Professional Lacrosse League
- Sport: Indoor lacrosse
- Founded: 2012
- First season: 2012
- Folded: 2013
- No. of teams: 2
- Country: United States
- Website: ProLacrosseLeague.com

= Professional Lacrosse League =

Former lacrosse developmental league in the United States

The Professional Lacrosse League (PLL) was a men's professional indoor lacrosse league in the United States. It was announced in 2012 with its inaugural season scheduled to begin in September 2012. The league originated in a split with the North American Lacrosse League (NALL). The league ended after a year, in 2013.

==History==
The Professional Lacrosse League developed out of a rift in the North American Lacrosse League, which was originally scheduled to start play with five teams in January 2012. Weeks before the NALL season was to start, four of the teams – the Charlotte Copperheads, the Hershey Haymakers, the Jacksonville Bullies, and the Wilkes-Barre/Scranton Shamrocks – announced that the NALL had relieved acting Commissioner Anthony Caruso of duty and would be switching from a winter to a fall schedule. In turn, Caruso responded that his removal was illegitimate and that he remained in charge of the NALL, which would keep to the winter schedule. The dispute went to litigation, with the result that winter faction kept the NALL name and branding, while the fall faction formed the PLL.

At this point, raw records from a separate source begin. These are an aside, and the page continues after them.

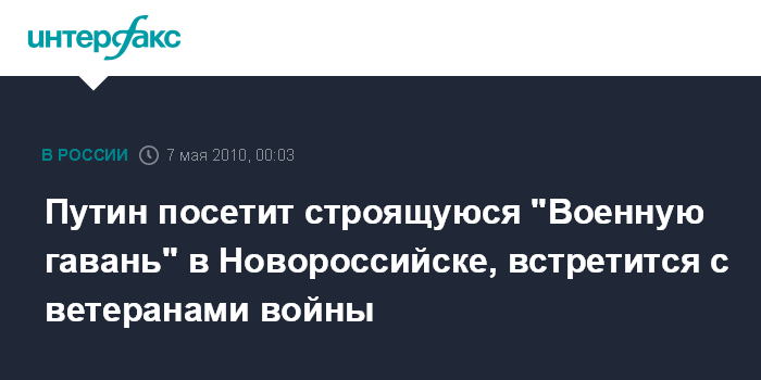 Согласно сообщению, В.Путин посетит строящийся порт "Военная гавань". В соответствии с Федеральной целевой программой "Создание системы базирования Черноморского флота на территории Российской Федерации в 2005-2020 годах" в Новороссийске идет сооружение пункта базирования кораблей и судов Черноморского флота. Основным объектом пункта базирования станет Геопорт с оградительным молом общей протяженностью 2570 метров.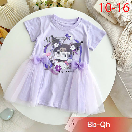 A462721 - (25/10)Đầm may trên chất liệu thun coton 4 chiều hình in sắc nét phối lưới tạo điểm nhấn_S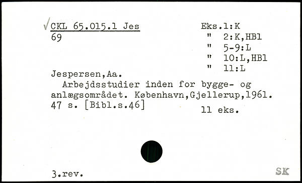 Jespersen, Aa. Arbejdsstudier inden for bygge- og anlægsområdet. København,Gjellerup,19&1.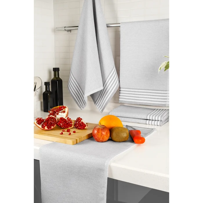 1. Our tea towels, which are made of quality cotton, have high absorbency and a soft texture. There are 5 gray tea towels in our 5-piece tea towel set. The yarn is produced as dyed. In this way, there is no fading or deformation in long-term use. Our tea towels can also be used as service napkins or feeding cloths in schools.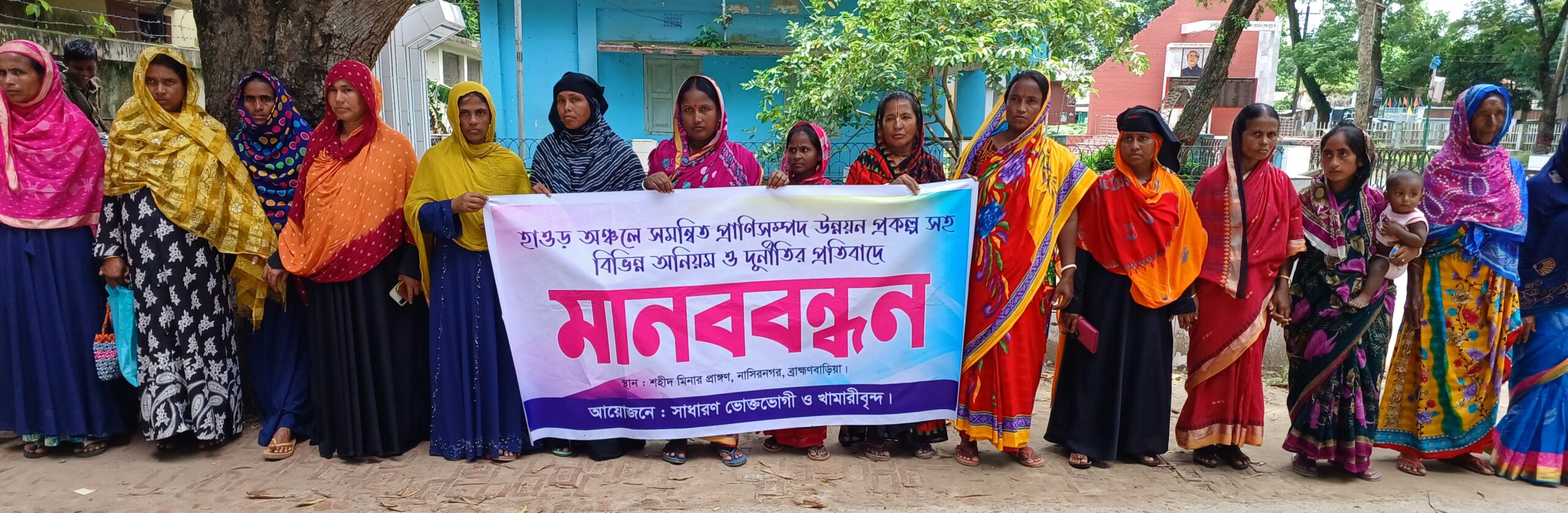 তাঁদের বদলে অন্য কামারীদেরকে দিয়ে দেয় বলে অভিযোগ, ২৩ শে জুলাই রবিবার নাসিরনগরে মানববন্ধন করেছেন নাসিরনগর উপজেলার গোয়ালনগর ও ভলাকুট ইউনিয়নের খামারী বঞ্চিত নারীরা।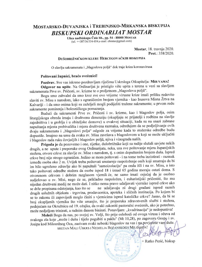 Po biskupovoj odredbi sakramenti Prve sv. Pričesti i Krizme, kao i blagoslovi polja se odgađaju, zbog okolnosti u kojima se nalazimo.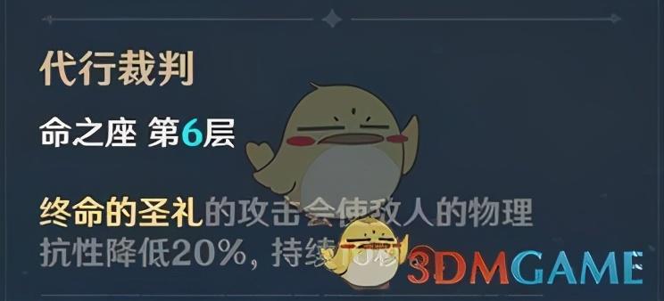 3. 「罗莎莉亚」释放元素爆发时能通过天赋能给队伍中的其他角色增加暴击率,并且命之座 第6层的效果还可以使元素爆发降低被攻击到的敌人的物理抗性。

Brett Vickers was announced as PLL League President. The league was supposed to start play with four teams in September 2012, however, it was announced that the Haymakers and Shamrocks franchises had not secured arena leases and were currently searching for new locations.

On July 11, 2012, Commissioner Brett Vickers announced on Twitter "@PLLcommissioner I love throwing people off by setting up websites." & "Heading South..........had two great meetings in the two new PLL cities Wednesday and yesterday. Excited about September!". This added to speculation that New Jersey might not be the league's newest member.
On August 28, Brett Vickers resigned from the PLL.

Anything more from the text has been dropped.